====== Exercise input ======

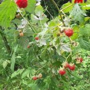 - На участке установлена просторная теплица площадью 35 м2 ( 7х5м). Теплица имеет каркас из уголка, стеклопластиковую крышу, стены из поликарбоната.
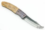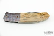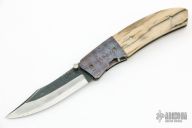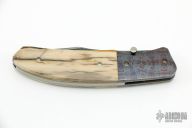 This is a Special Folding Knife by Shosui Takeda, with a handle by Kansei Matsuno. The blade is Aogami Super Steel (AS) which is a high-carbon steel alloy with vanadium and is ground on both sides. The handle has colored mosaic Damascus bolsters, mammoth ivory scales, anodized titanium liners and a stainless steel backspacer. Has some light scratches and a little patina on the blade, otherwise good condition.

======
====== Exercise input ======

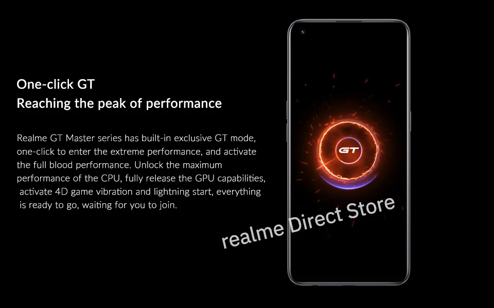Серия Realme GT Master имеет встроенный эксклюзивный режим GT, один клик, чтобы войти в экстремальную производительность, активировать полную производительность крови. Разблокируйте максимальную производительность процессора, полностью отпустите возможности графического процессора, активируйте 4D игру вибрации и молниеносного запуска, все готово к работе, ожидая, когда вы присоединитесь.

======

• _Required work_
From the records above, copy only the lines running from the line containing "- На участке" to the line containing "This is a Special", both ends included. Leave the pictures out.

• _Written response_
 - На участке установлена просторная теплица площадью 35 м2 ( 7х5м). Теплица имеет каркас из уголка, стеклопластиковую крышу, стены из поликарбоната.
 This is a Special Folding Knife by Shosui Takeda, with a handle by Kansei Matsuno. The blade is Aogami Super Steel (AS) which is a high-carbon steel alloy with vanadium and is ground on both sides. The handle has colored mosaic Damascus bolsters, mammoth ivory scales, anodized titanium liners and a stainless steel backspacer. Has some light scratches and a little patina on the blade, otherwise good condition.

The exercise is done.